Interestingly, we had a large cohort of female patients posing a potential confounder. Analysis of the 58 bariatric surgery patients in this study revealed demographic characteristics largely consistent with national benchmarks. The proportion of female patients (75.9%, 44/58) did not differ significantly from the 79.3% reported by Metabolic and Bariatric Surgery Accreditation and Quality Improvement Program (MBSAQIP) between 2015 and 2017 (pKW = 0.518, χ² = 0.42). Similarly, the mean preoperative Body Mass Index (BMI) in our sample (45.27 ± 6.80 kg/m²) was statistically comparable to the MBSAQIP mean of 46.6 kg/m² (One-Sample t(57) = −1.49, P = .143). These findings suggest that our study sample is representative of the broader Bariatric surgery population described in the MBSAQIP database regarding patient sex distribution and baseline BMI.

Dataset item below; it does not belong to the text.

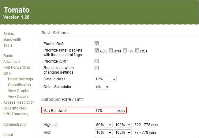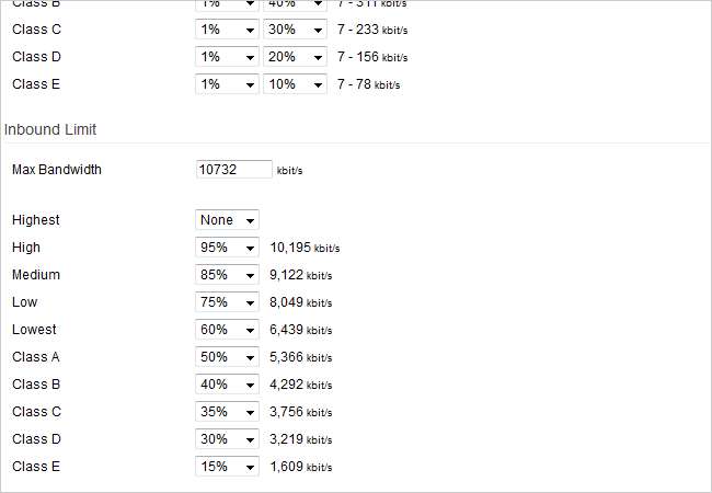 Zwróćmy teraz uwagę na szybkość pobierania z naszego wcześniejszego testu szybkości. Zamień to na kilobity na sekundę i wpisz w polu „Maksymalna przepustowość” pod „Limit ruchu przychodzącego”. Tym razem Tomato nie wykona swojej magii i nie dostosuje poniższych klas szybkości, więc będziemy musieli zrobić to ręcznie. Możesz użyć klas szybkości, których użyliśmy poniżej, lub skonfigurować je specjalnie dla swojego środowiska (co zalecamy). Te ustawienia działają dla nas w naszym środowisku. Kliknij Zapisz u dołu strony.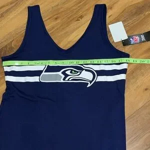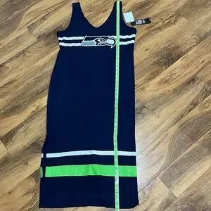 This is brand new with the tags still on it. It is super stretchy and comfortable. It has slits on the sides of the lake area to make it more feminine. This is a stylish way to support your favorite NFL football team. The dress is of great quality and not flimsy. It is 93% rayon 7% spandex. It is super comfortable. Just never had a chance to wear it to the game. This comes from a clean non-smoking kitten friendly home. I have other Seattle Seahawks outfits as well that are listed. Thank you so much for looking at my closet. I really appreciate it.💋

While the results of our study are interesting and provide considerations for emerging ERAS protocols and further study, the results should be interpreted in the context of its limitations. Because sequential cohort design cannot establish treatment efficacy, our findings represent associations within a protocol-evolution study. Further studies are warranted to validate our observations and address limitations inherent in the group allocation process and the limited sample size. Our post-hoc analysis suggested potential subgroup-specific benefits of fosaprepitant, particularly in younger and higher BMI patient populations; again, further study is warranted to validate these conclusions due to our limited sample size. Local practice patterns may have also influenced LOS outcomes and additional studies including multiple institutions may better estimate true cost savings. In this study, we included 3 different Bariatric procedures (SG, RYGB, and SADI-S) which have their own varying propensities for PONV. Further, multiple procedures in the same operation necessarily results in increased abdominal trauma which can increase PONV, pain, and LOS. In subsequent studies, we suggest analysis by specific surgical procedure outside of studies investigating concurrent procedures to better isolate intervention responses. Objectively assessing subjective outcomes like PONV and pain is challenging on its own and highly variable as patient perceptions are influenced by a multitude of individual factors such as age and gender. ² Finally, it is important to note that this study was conducted at a single practice within an emerging academic center in a suburban area with limited resources and support for research.

Conclusion

Our results demonstrate positive associations between the addition of fosaprepitant to standard ERAS protocols in Bariatric patients and PONV control. Further investigation into the role of fosaprepitant is warranted in Foregut and Bariatric patients. Further studies should also focus on optimizing anesthetic agent selection and multimodal analgesia, including PGANB, in the context of enhanced ERAS protocols with fosaprepitant.